▸ **Action item**:
Reproduce without any pictures the lines from the one that contains "Somali guy who" through the end of the records, exactly as written.

------

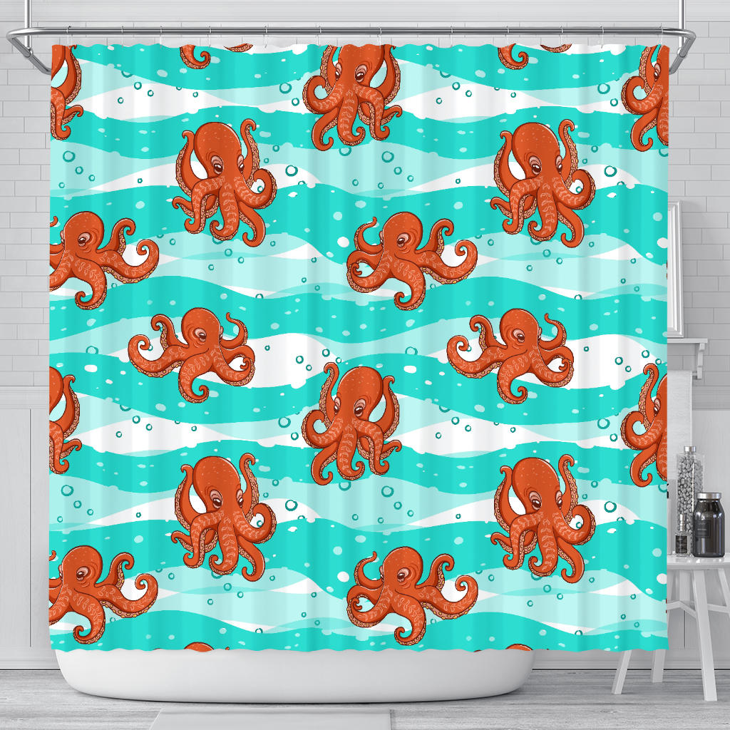 Octopuses Sea Wave Background Shower Curtain Fulfilled In US
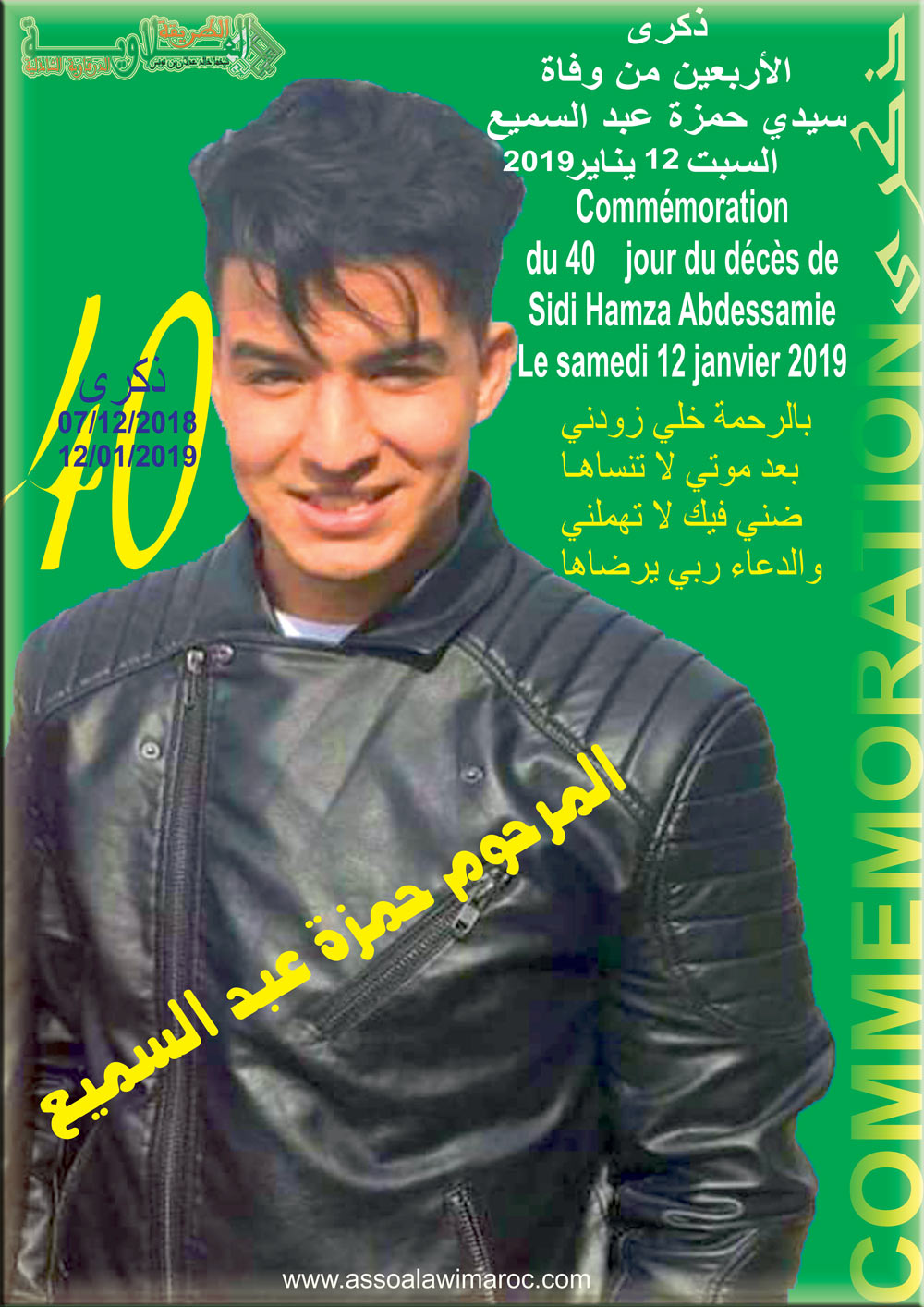 الذكرى الأربعون من وفــــاة سيدي حمزة عبد السميع يوم السبت 12 يناير 2019 بدار الســــــلام بمدينة مورسية إسبانيا
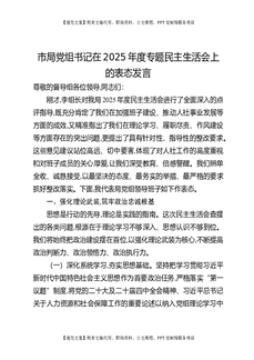 市局党组书记在2025年度专题民主生活会上的表态发言.docx
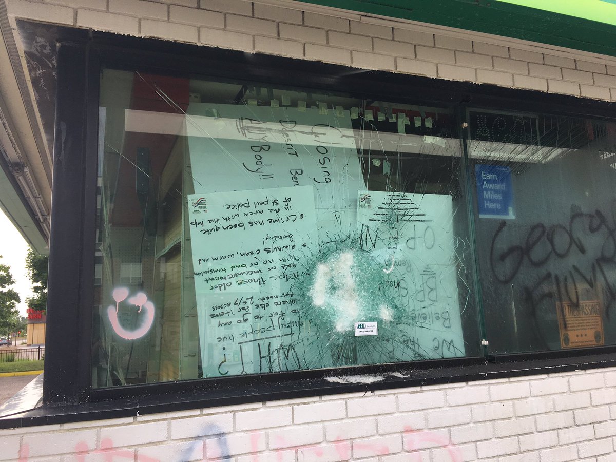 Somali guy who lives in this building tells me he had to spray-paint pleas on the plywood for rioters not to burn it down. (They initially tried to burn the attached pawn shop.) Says on the first night of extreme rioting, they were mostly white. On subsequent nights, mostly black
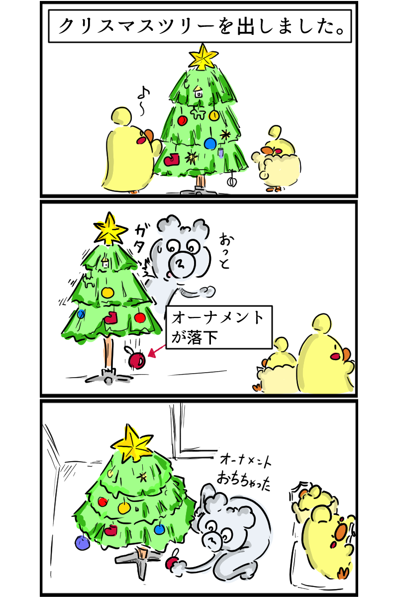 オーナメントが落下した拍子に、なぜかダジャレがひらめく私。

------

▸ **Exercise output**:
 Somali guy who lives in this building tells me he had to spray-paint pleas on the plywood for rioters not to burn it down. (They initially tried to burn the attached pawn shop.) Says on the first night of extreme rioting, they were mostly white. On subsequent nights, mostly black
 オーナメントが落下した拍子に、なぜかダジャレがひらめく私。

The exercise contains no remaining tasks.